+++ STORED DATA +++
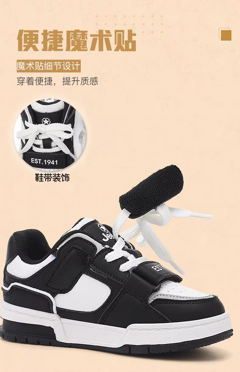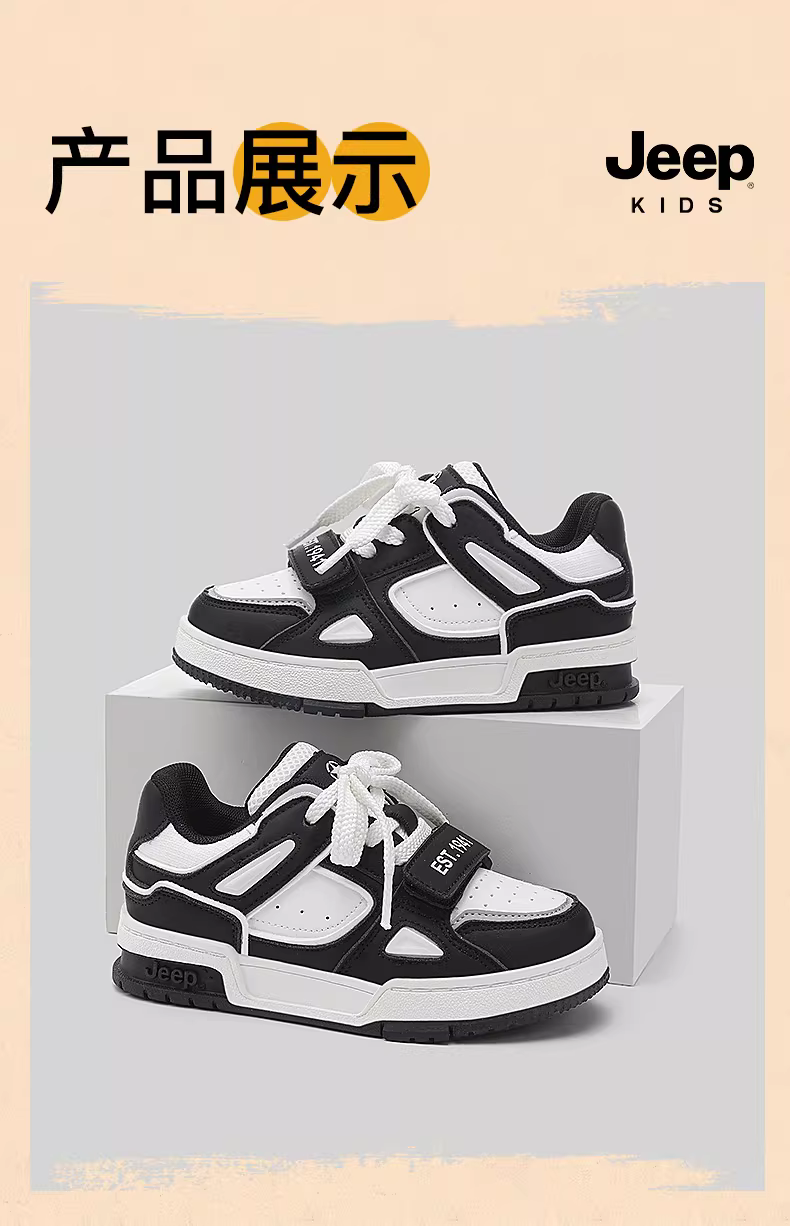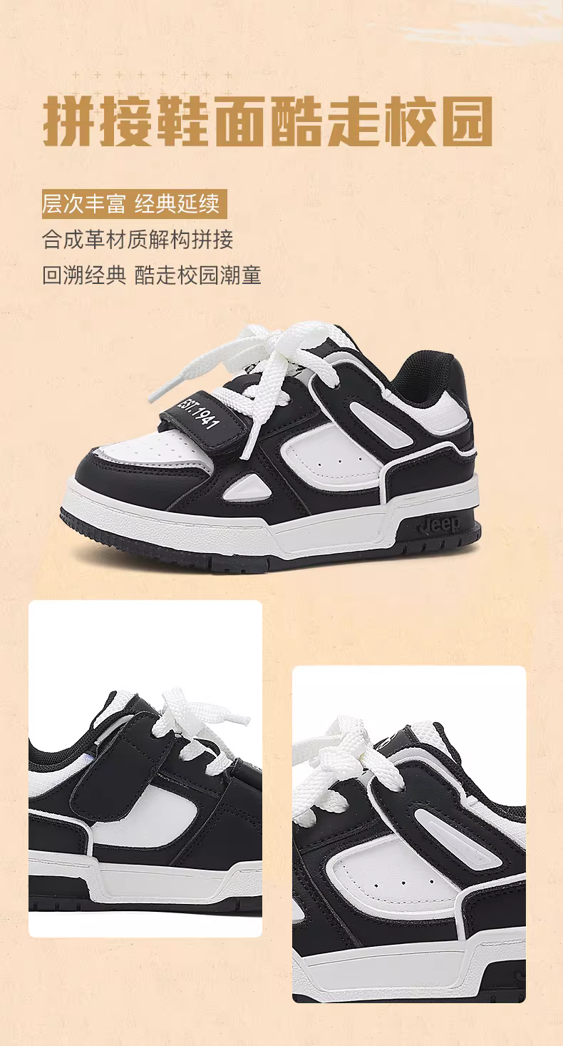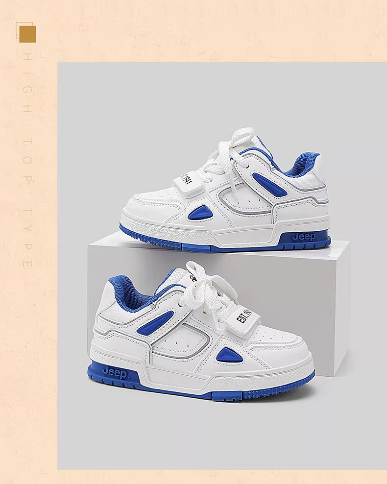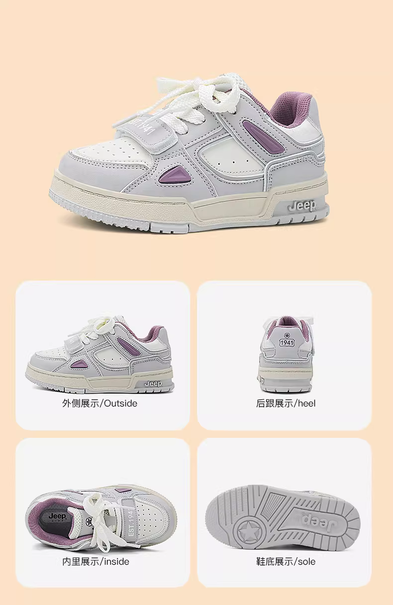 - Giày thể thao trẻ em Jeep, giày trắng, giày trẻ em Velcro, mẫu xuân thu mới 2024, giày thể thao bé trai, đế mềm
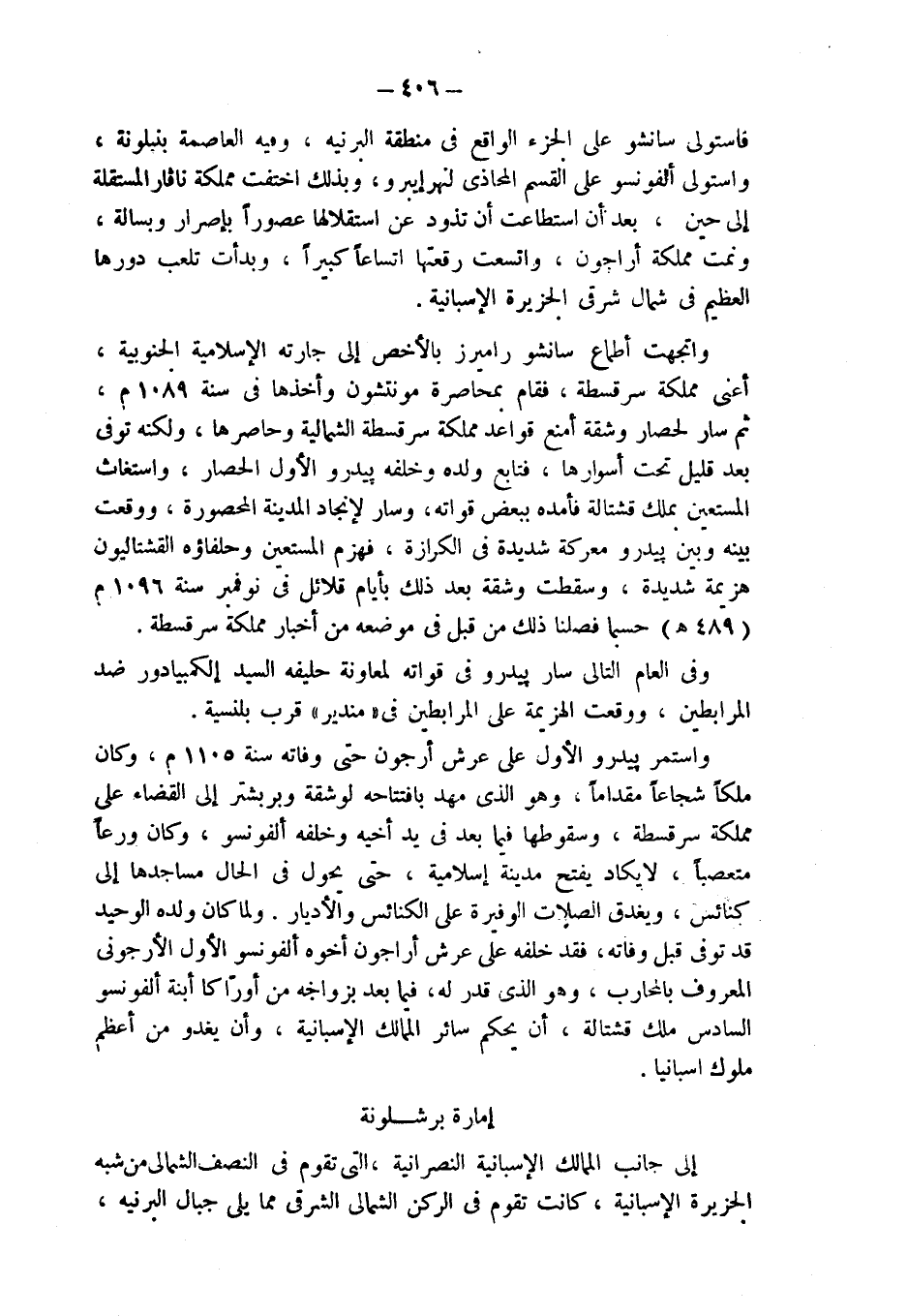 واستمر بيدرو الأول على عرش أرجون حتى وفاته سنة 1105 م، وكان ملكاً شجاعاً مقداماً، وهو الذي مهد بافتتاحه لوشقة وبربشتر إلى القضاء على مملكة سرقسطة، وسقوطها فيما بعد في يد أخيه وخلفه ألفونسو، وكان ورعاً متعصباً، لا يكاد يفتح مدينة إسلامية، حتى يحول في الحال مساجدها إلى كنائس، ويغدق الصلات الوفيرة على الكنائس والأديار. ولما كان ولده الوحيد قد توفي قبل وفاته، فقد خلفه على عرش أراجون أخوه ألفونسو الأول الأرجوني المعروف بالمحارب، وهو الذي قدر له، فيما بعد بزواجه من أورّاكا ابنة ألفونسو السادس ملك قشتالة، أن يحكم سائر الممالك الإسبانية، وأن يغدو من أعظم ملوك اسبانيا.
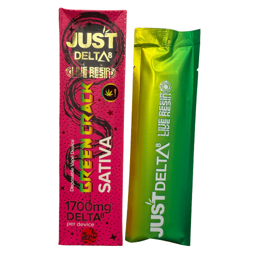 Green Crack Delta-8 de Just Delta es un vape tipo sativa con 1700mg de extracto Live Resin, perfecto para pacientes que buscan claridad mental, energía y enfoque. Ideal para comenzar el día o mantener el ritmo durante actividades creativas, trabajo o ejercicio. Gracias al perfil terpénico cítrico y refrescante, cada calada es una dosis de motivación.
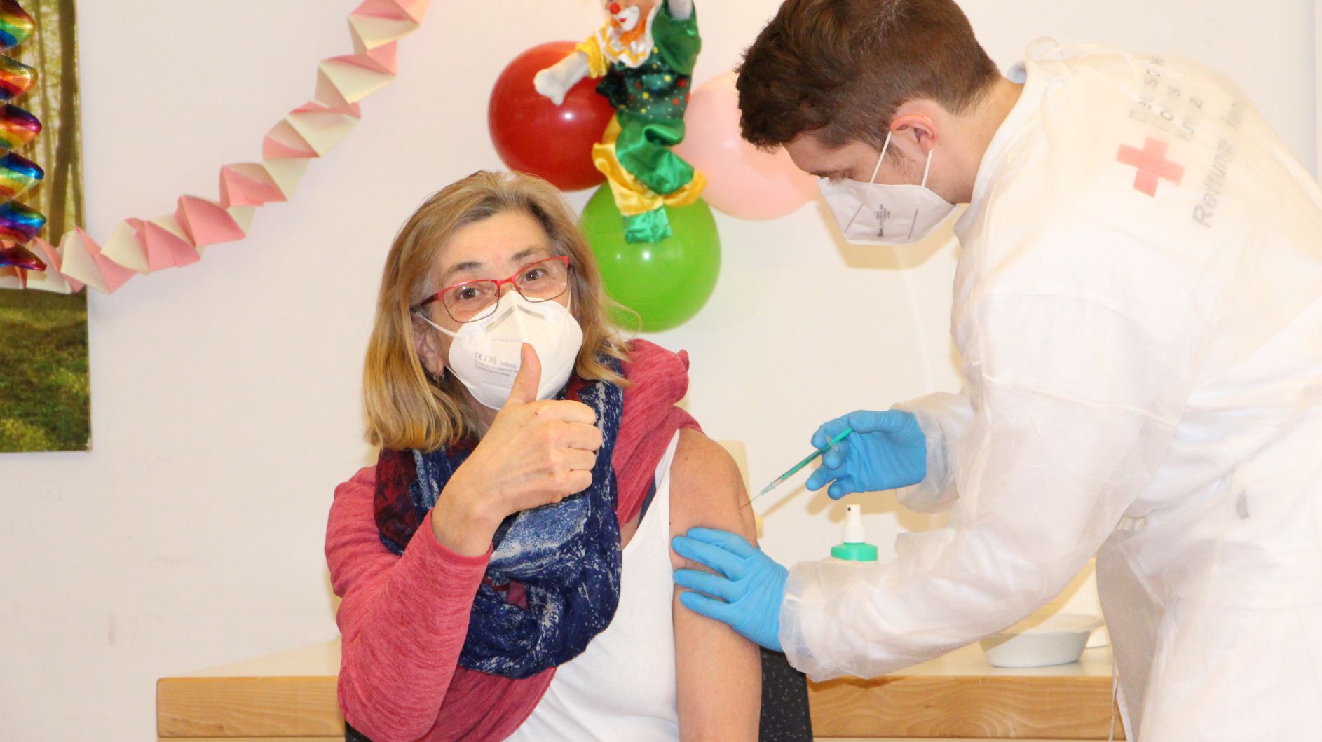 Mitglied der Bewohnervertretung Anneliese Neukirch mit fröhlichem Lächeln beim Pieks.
+++
→ REQUIRED WORK:
Could you retype each line of the material above exactly, skipping the pictures?

→ EXERCISE RESULT:
 - Giày thể thao trẻ em Jeep, giày trắng, giày trẻ em Velcro, mẫu xuân thu mới 2024, giày thể thao bé trai, đế mềm
 واستمر بيدرو الأول على عرش أرجون حتى وفاته سنة 1105 م، وكان ملكاً شجاعاً مقداماً، وهو الذي مهد بافتتاحه لوشقة وبربشتر إلى القضاء على مملكة سرقسطة، وسقوطها فيما بعد في يد أخيه وخلفه ألفونسو، وكان ورعاً متعصباً، لا يكاد يفتح مدينة إسلامية، حتى يحول في الحال مساجدها إلى كنائس، ويغدق الصلات الوفيرة على الكنائس والأديار. ولما كان ولده الوحيد قد توفي قبل وفاته، فقد خلفه على عرش أراجون أخوه ألفونسو الأول الأرجوني المعروف بالمحارب، وهو الذي قدر له، فيما بعد بزواجه من أورّاكا ابنة ألفونسو السادس ملك قشتالة، أن يحكم سائر الممالك الإسبانية، وأن يغدو من أعظم ملوك اسبانيا.
 Green Crack Delta-8 de Just Delta es un vape tipo sativa con 1700mg de extracto Live Resin, perfecto para pacientes que buscan claridad mental, energía y enfoque. Ideal para comenzar el día o mantener el ritmo durante actividades creativas, trabajo o ejercicio. Gracias al perfil terpénico cítrico y refrescante, cada calada es una dosis de motivación.
 Mitglied der Bewohnervertretung Anneliese Neukirch mit fröhlichem Lächeln beim Pieks.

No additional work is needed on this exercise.